> **WHAT TO WORK ON**
Give back exactly the lines starting at the one with "При разглобяването на" and ending at the last line of the data below. Pictures are not part of the copy.

> **EXERCISE DATA**
══════

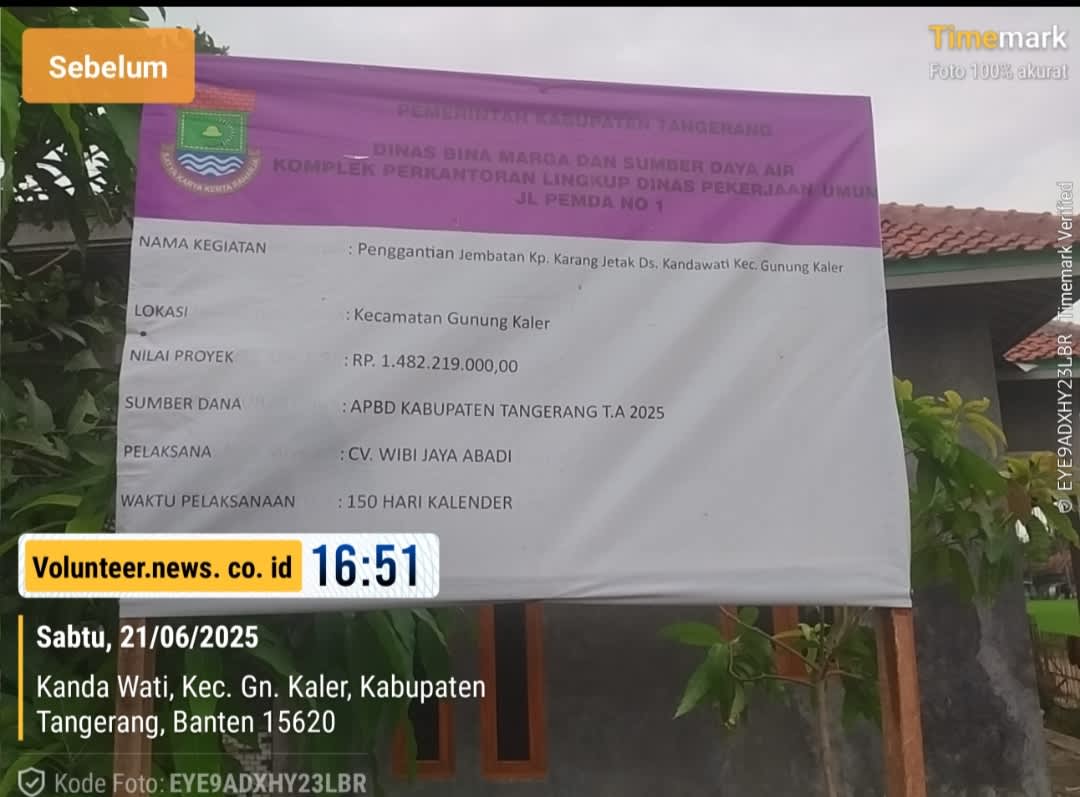 Kab.Tangerang ; Paket pekerjaan proyek pergantian jembatan Kampung Karang Jetak Desa Kandawati Kecamatan Gunung Kaler Kabupaten Tangerang Provinsi Banten dari Dinas Bina Marga dan Sumber Daya Air (DBMSDA) Kabupaten Tangerang dengan nilai anggaran sebesar Rp.1,482,219,000, – (Satu Milyar empat ratus delapan puluh dua juta dua ratus sembilan belas ribu rupiah) yang bersumber dari Anggaran Pendapatan Belanja Daerah (APBD) Kabupaten Tangerang Tahun 2025 , dimana saat ini proyek tersebut mulai dikerjakan oleh CV.Wibi Jaya Abadi selaku kontraktor pelaksana Proyek
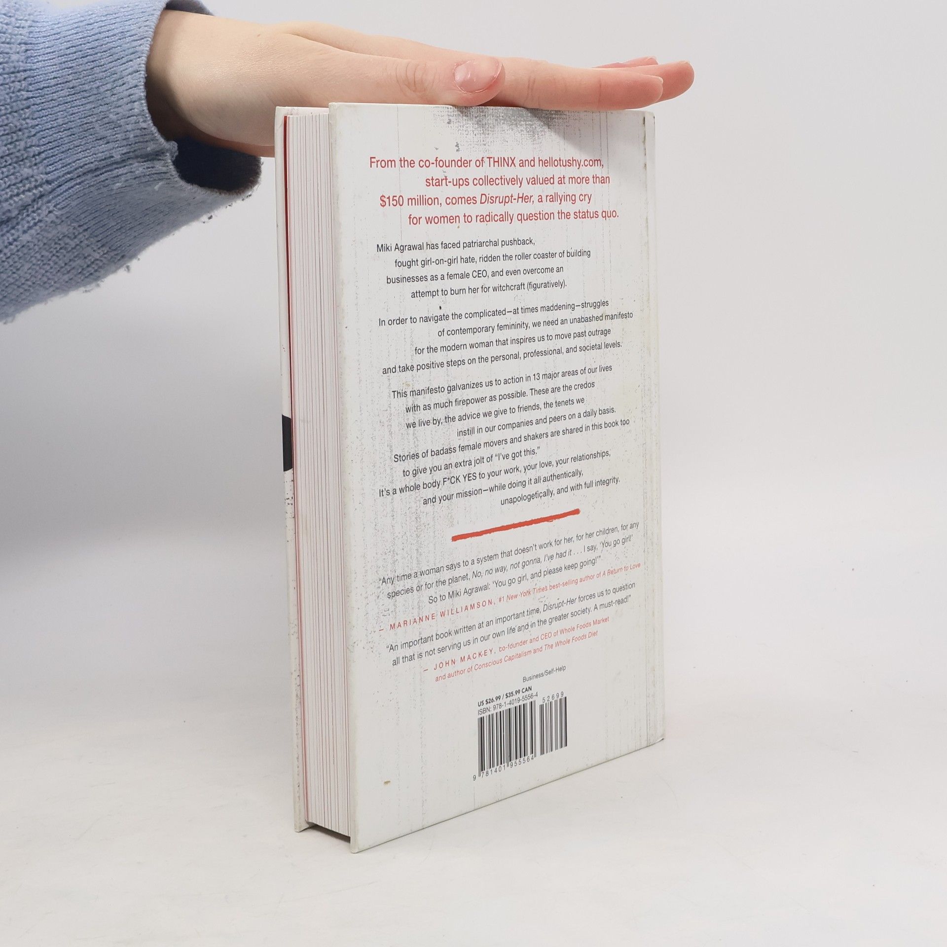 What are some of humanity’s greatest obstacles? Societal thinking. Indoctrination. Traditional “rules.” The “status quo.” In order to move humanity forward, we need a healthy dose of disruption . . . . . . But this time from a modern woman’s perspective. Disrupt-Her is a new kind of Manifesto that asks—no, demands—that women question, dissect, and disrupt 13 major areas of our lives, including societal preconceptions that keep us from living fully lit up, both personally and professionally. Miki Agrawal, the co-founder of THINX ( Fast Company ’s Most Innovative Companies of 2017, TIME ’s 25 Best New Inventions of 2015, and winner of Tribeca Film Festival’s Disruptive Innovation Awards) and TUSHY (called “the Apple product of bidets” by Forbes ), was named 2017 Young Global Leader by The World Economic Forum, INC Magazine’s Most Impressive Women Entrepreneurs of 2016, and Forbes ’s Top 20 Millennials on a Mission. She helps us look with fresh eyes at what it means to be wholeheartedly alive and to live up to our potential at work, at home, and in the world, regardless of the challenges and naysayers along the way. In this page-turning book, you’ll discover how to: · Dissect, declutter, and update internal thoughts and external habits that are currently holding you back · Start a movement that solves real problems and does good – even especially if you don’t have a lot of money, a college degree, or years of experience · Become a true “Warrior-Gatekeeper of your Mind” in all situations · Not let “Hate-Hers” derail you from your mission, and instead show them the way back to being “Love-Hers” · Create healthy relationships with men who are stuck in the old-fashioned patriarchy · Find and align with SNAGs (Secure New Age Guys) · Create a supportive, fun, caring community that stands by you no matter what Disrupt-Her is a first of its kind self-help/business book TELL-ALL that blends the jaw-dropping first person journey of a rising female entrepreneur with fresh life-improving techniques and new habit-forming ideas that make you go “wow.” The questions at the end of each chapter give you opportunities to apply what you’ve just read so you can customize them to your own circumstances to produce real-world results.
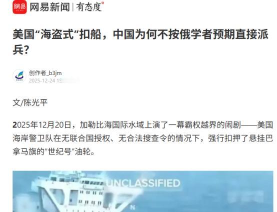 美国再次让世人看到美国的“强大”和为所欲为。中国要美国立即返还该油轮否则中国就可以美国的任何到台湾或其他地方的货轮,看他美国人任哪一头?   这两天,美国又在公海上上演了一出“霸权大戏”,再次让全世界看清了什么叫所谓的“美国强大”——说白了就是仗着武力为所欲为,把国际规则当空气。   就在大家还在热议上月美军在印度洋非法登临中国货轮的荒唐行径时,更过分的事来了:一艘归属中国企业、满载原油的油轮,在加勒比海国际水域被美国海岸警卫队强行扣押,美国总统甚至公然放话要“永久保留”油轮和所载原油,要么出售要么纳入自己的战略储备,这哪里是什么“执法”,分明就是赤裸裸的国家掠夺。   面对美国这种强盗逻辑,中方这次不再客气,直接亮明底线:立即无条件返还被扣油轮和货物,赔偿中方所有损失,否则中方将采取对等反制措施,美国任何驶往台湾地区或其他海域的货轮,都将面临同等对待,看他美国人到底敢选哪一头。   可能还有人没理清来龙去脉,咱们先把事情的前因后果说清楚。这已经不是美国第一次在公海上对中国商船下手了,就在2025年11月,美军特种部队就曾在斯里兰卡外海几百英里的印度洋公海上,强行登上一艘从中国港口出发、开往伊朗的货轮。   当时美军二话不说,直接扣押并销毁了船上部分货物,给出的理由是这些是“军民两用物资”,可能帮助伊朗发展导弹计划。但这话谁信呢?   美方从头到尾都没拿出任何过硬的证据,就连被扣押的船名和船东都不敢公开,做完这档子亏心事就匆匆放船走人,其目的再明显不过,就是想靠这种流氓手段阻断中伊之间的正常贸易往来。   本以为美方会收敛一点,没想到短短一个月后,他们变本加厉,把黑手伸向了更大吨位的油轮。   这次被扣的“世纪号”油轮,虽然挂着巴拿马旗,但实际是中国香港企业运营,油轮和所载的180万桶委内瑞拉重油的产权都属于中国企业,而且所有贸易手续齐全合法,是通过正规渠道采购的,原定要运往广东揭阳的炼化基地。   更过分的是,这艘油轮和所载原油,压根就没被列入美国、欧盟等任何国际组织或国家的制裁名单,完全是合规的商业运输。   可美国不管这些,趁着油轮刚离开委内瑞拉水域、进入公海的安全空窗期,直接派直升机载着特种人员强行索降登船,整个过程既没有联合国的授权,也没有向船旗国巴拿马履行任何通报手续。   甚至连正规的查封令都拿不出来,面对船员的质疑,也只是含糊其辞地找了个“核查船舶注册合法性”的借口,这操作跟海盗抢船没任何区别,连委内瑞拉政府都直接怒斥这是“国际海盗行径”。   更嚣张的是,美方扣押后还不打算归还,美国总统公然宣称要“永久保留”,这种言论彻底撕下了美国所谓“遵守国际规则”的遮羞布。要知道,根据《联合国海洋法公约》,公海是全人类的共同财产,各国船舶都享有航行自由。   只有在打击海盗、奴隶贩运等特定情形下,才能行使登临权,而且必须有确凿证据并获得相关授权。美国这次的行为,三项前提一个都不满足,说白了就是仗着自己军事实力强,想抢就抢,想扣就扣,把公海当成了自己的“后花园”,把单边制裁当成了掠夺他国财产的工具。   他们之所以敢这么肆无忌惮,无非是觉得自己在海上实力超群,其他国家只能忍气吞声,但这次他们显然打错了算盘。   这艘油轮涉及的是中国的核心利益,不仅关系到国内炼化产业的原料供应,更牵扯到中委之间“油换贷款+人民币结算”的重要合作,这是中国能源安全的压舱石,也是人民币国际化的关键实践,美方想靠扣押油轮切断这条合作链,遏制中国发展,简直是痴人说梦。   面对美方的霸权挑衅,中方这次的态度异常明确且强硬,第一时间就召见了美国驻华大使,拿出完整的权属证明和贸易文件,严正抗议美方的非法行径,明确要求美方立即释放油轮、返还货物并赔偿所有损失。   同时,中方还向联合国安理会提议召开紧急会议,把这事摆到国际台面上,让全世界都来评评理,揭露美方“海盗式”扣船的真相。要知道,中方的强硬不是凭空而来的,而是有足够的底气和实力支撑的。   在法理上,美方的行为严重违反国际法,中方已经联合国际海事组织在海牙常设仲裁法院起诉美国,拿出了卫星轨迹、贸易合同等全套证据,揭穿美方所谓“执法”的谎言,让美方在国际上陷入道义困境。 在实际行动上,中方也已经开始布局反制措施。   军事上,解放军柳州舰已经调整航线,前往加勒比海执行远洋护航任务,用实际部署回应远海利益受损的情况,这既是在为中方商船保驾护航,也是在向美方展示中国维护海外利益的决心和能力。   经济上,中方已经启动了能源供应应急预案,通过俄罗斯“西伯利亚力量”管道增加输油量、加大伊朗原油进口等方式,保障国内短期能源供应稳定,不让美方的挑衅影响到国内产业发展。
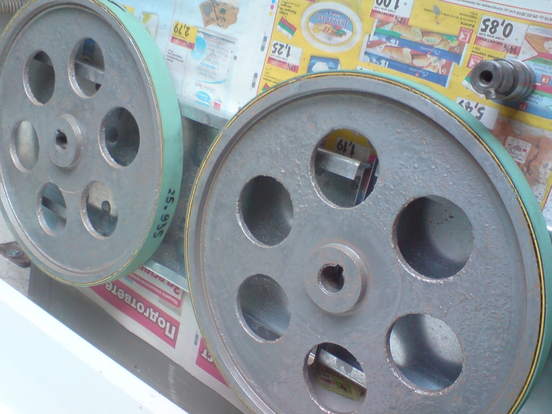 При разглобяването на горното регулиращо колело установих, че вала е блокирал и не се движи. По тая причина колелото 30см алуминиева отливка, е превъртяло . Инженерите не са предвидили шпонка и канал между колелото и вала и няма как да го застопориш и стегнеш болта, който затяга колелото.
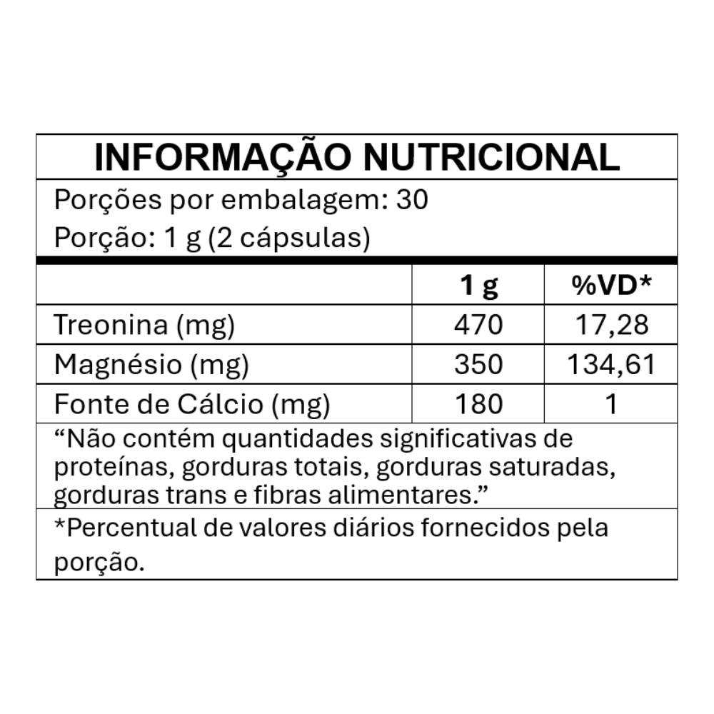 Magnésio L-Treonato 60 cápsulas de 500mg – Suplemento Alimentar Capsulado
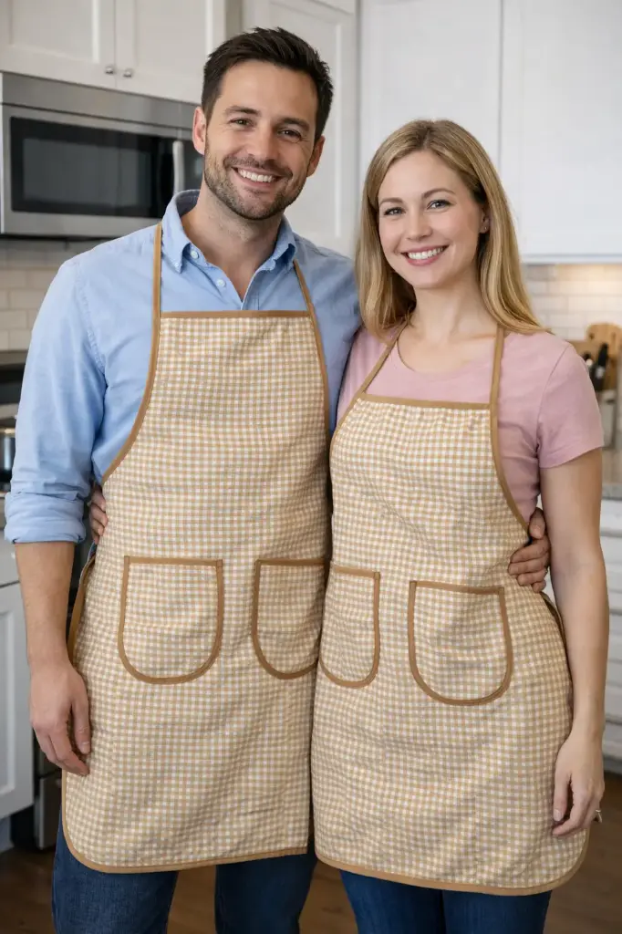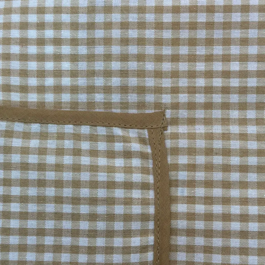 Delantal de peto estampado con cuadros vichy, con dos bolsillos frontales en la parte inferior y cuerdas para atar a la cintura y colgarlo al cuello. Cinta perimetral a tono en todo el contorno. Fabricado en España.
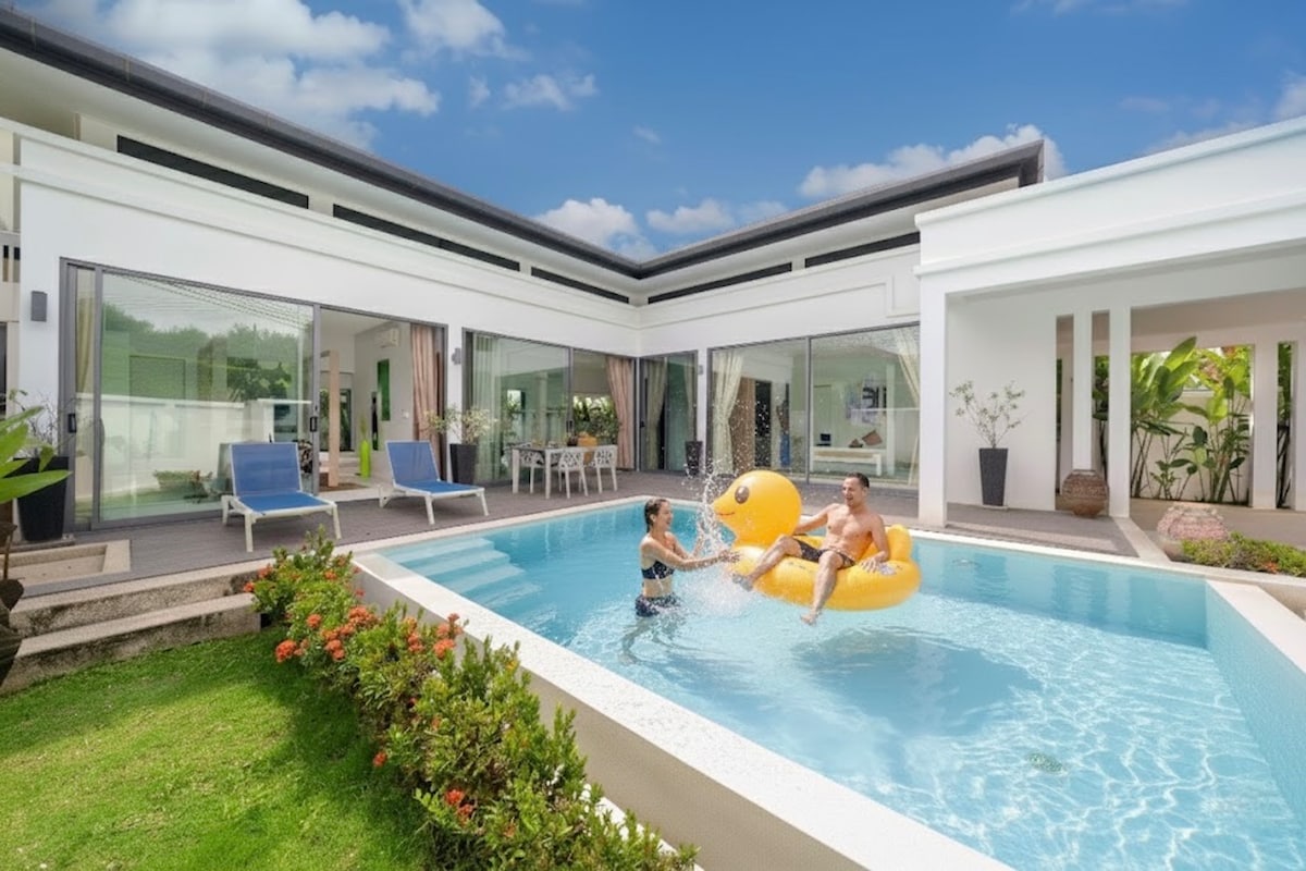 Private Pool Villa, 2 bedrooms and 2 bathrooms with Jacuzzi bathtub. (Pool not share with others) Local grocery next to villa. Convenient store 7 Eleven and Family Mart at the entrance from the main road. 6 minutes from Tesco Lotus and Villa Market. Located near Big Buddha and activities nearby Elephant camp, ATV adventure, Bird Park, Chalong Temple and 10 minutes from Chalong pier for island hopping tour. Size : 200 sq.m. (Entire Villa) Monthly price available just select 28 days or more.

══════

> **EXPECTED OUTPUT**
 При разглобяването на горното регулиращо колело установих, че вала е блокирал и не се движи. По тая причина колелото 30см алуминиева отливка, е превъртяло . Инженерите не са предвидили шпонка и канал между колелото и вала и няма как да го застопориш и стегнеш болта, който затяга колелото.
 Magnésio L-Treonato 60 cápsulas de 500mg – Suplemento Alimentar Capsulado
 Delantal de peto estampado con cuadros vichy, con dos bolsillos frontales en la parte inferior y cuerdas para atar a la cintura y colgarlo al cuello. Cinta perimetral a tono en todo el contorno. Fabricado en España.
 Private Pool Villa, 2 bedrooms and 2 bathrooms with Jacuzzi bathtub. (Pool not share with others) Local grocery next to villa. Convenient store 7 Eleven and Family Mart at the entrance from the main road. 6 minutes from Tesco Lotus and Villa Market. Located near Big Buddha and activities nearby Elephant camp, ATV adventure, Bird Park, Chalong Temple and 10 minutes from Chalong pier for island hopping tour. Size : 200 sq.m. (Entire Villa) Monthly price available just select 28 days or more.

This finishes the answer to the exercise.